Back in April the furious reaction of the teachers and left wing groups were impressive. Supporting the teachers were the two top unions in the country, many political groups and the “Piqueteros duros”, tough young men and women (many unemployed) who obscure their faces with scarves. Similar marches and reactions were seen across the country. The protests continued in the province of Neuquen for two months until the 28th of April when the teachers finally reached an agreement on salary.
Carlos Fuentealba, the deceased 41-year-old teacher and left wing activist, was reticent to go out to protest that day. He confessed same to a friend that same morning before he made the fatal decided to proceed to the road blockage where he was to die, shot by a sadistic provincial policeman. The policeman fired the tear gas canister at point blank range at Carlos’ head while the teacher sat in a car, a Fiat 147. The same policeman was recently sentenced to two years in jail for torturing a prisoner in jail but was never incarcerated for that crime.

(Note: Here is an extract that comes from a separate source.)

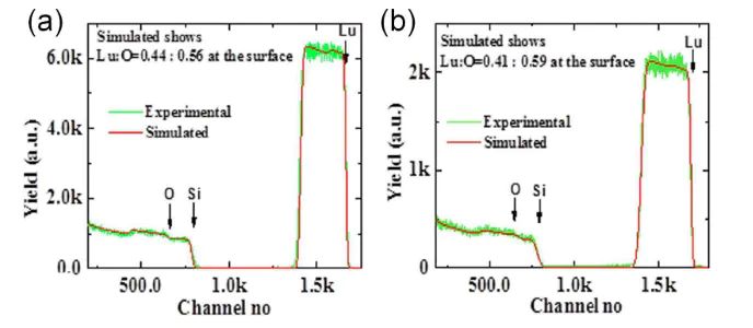 图8:卢瑟福背散射技术定量地确定生长得到的 Lu2O3 样品(a)和在氧气中退火之后样品(b)中的氧空位含量。研究人员应用该方法定量地确定了生长在 Si 衬底上 Lu2O3 薄膜中的氧空位。如图8所示的卢瑟福背散射谱,可以清楚看到 Si、O 和 Lu 边,并且可以测得生长得到的 Lu2O3 薄膜的 Lu、O 的比例为 0.44:0.56,说明薄膜中存在氧空位。而经过氧气中退火,元素比例变为 0.41:0.59(接近理想的 Lu2O3 薄膜的 0.40:0.60),这表明氧空位含量的降低。DOI:10.1039/c6ra22391e

Neuquen, the Argentine Southwestern Patagonian province famous to tourists for the lake district and Bariloche ski resorts, remains in the hands of the right-wing hard-liner Jorge Sobisch. Governor Sobisch is politically aligned with powerful politician Mauricio Macri, although Macri dissociated himself from the Neuquen governor. Macri in turn is facing stiff competition in the mayoral race for the Argentine Federal Capital, Buenos Aires (number two political job in the country) from the current mayor Telermann and Kirchner backed, Filmus.

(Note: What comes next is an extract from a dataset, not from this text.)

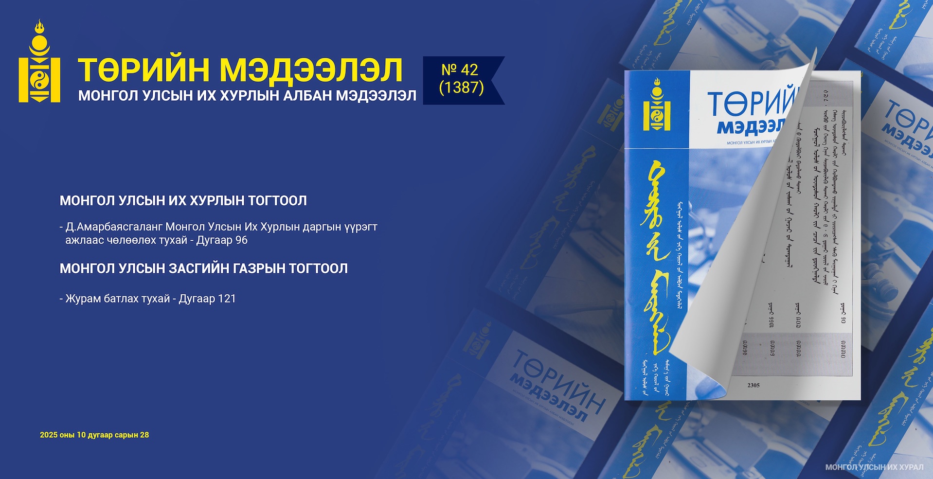 Мөн тус дугаарт “Журам батлах тухай” Монгол Улсын Засгийн газрын тогтоолыг нийтэлсэнтэй дэлгэрэнгүй танилцах боломжтой байна. Тухайлбал, “Журам батлах тухай” Засгийн газрын тогтоолын 1 дүгээр хавсралтаар “Газрын нэгдмэл сангийн удирдлагын нэгдсэн цахим системийн үйл ажиллагааны журам”-ыг, 2 дугаар хавсралтаар “Газар эзэмших, ашиглах эрхийн гэрчилгээ олгох журам”-ыг тус тус баталжээ. “Газрын нэгдмэл сангийн удирдлагын нэгдсэн цахим системийн үйл ажиллагааны журам”-аар Газрын тухай хуулийн 24.6-д заасан Газрын нэгдмэл сангийн удирдлагын нэгдсэн цахим системийн үйл ажиллагаатай холбогдсон харилцааг зохицуулна. Харин “Газар эзэмших, ашиглах эрхийн гэрчилгээ олгох журам”-аар аймаг, нийслэл, дүүргийн газрын алба, сумын газрын даамал, хууль тогтоомжоор эрх олгогдсон байгууллага нь Газрын нэгдмэл сангийн удирдлагын нэгдсэн цахим системээр дамжуулан газар эзэмших, ашиглах эрхийн гэрчилгээ олгох, түүнтэй холбогдсон бусад харилцааг зохицуулах ажээ хэмээн УИХ-ын Хэвлэл мэдээллийн газраас мэдээллээ.

Mr. Macriin turn is heir to an industrial fortune, which grew from seven to forty seven companies during the notorious ?76-?83 dictatorship.
The situation in Neuquen is relatively calm. Sobisch belatedly offered the teachers their money. The teachers initially refused, continuing to push for his renunciation. Sobisch came out with a statement that he regretted the death of the teacher and the death of two federal policemen in Buenos Aires. The two incidents were entirely unrelated as the policemen we shot in a robbery by thieves more than 1000Km away in an unrelated incident but it is indicative of the governor’s blindness to his complicity. Sobisch even fired a few minor members of his government in an effort to appease the teachers but that reaction was not interpreted as adequate. He then sent his own government officials to open schools and escort groups of women to “protest” at their continued closure, this backfired as most press outlets noted their presence in their articles thereby nullifying the propaganda effect of the staged protests. Finally Sobisch tried to open the schools using scab teachers but that failed too. The current latin American edition of the international political magazine, Le Monde doiplomatique, came out with a photo of a protest march with a poster of Fuentealba on the front page.
The province having been described by some commentators as being in a state of revolution, however subdued. The parallels with Oaxaca of last year are hardly coincidental. Governor Sobisch should have stood down but this seems increasingly unlikely unless he puts his foot in it again. The national government refused to take a stand. It seems he will remain in power until the next elections but it seems unlikely his bid for presidency will go much further.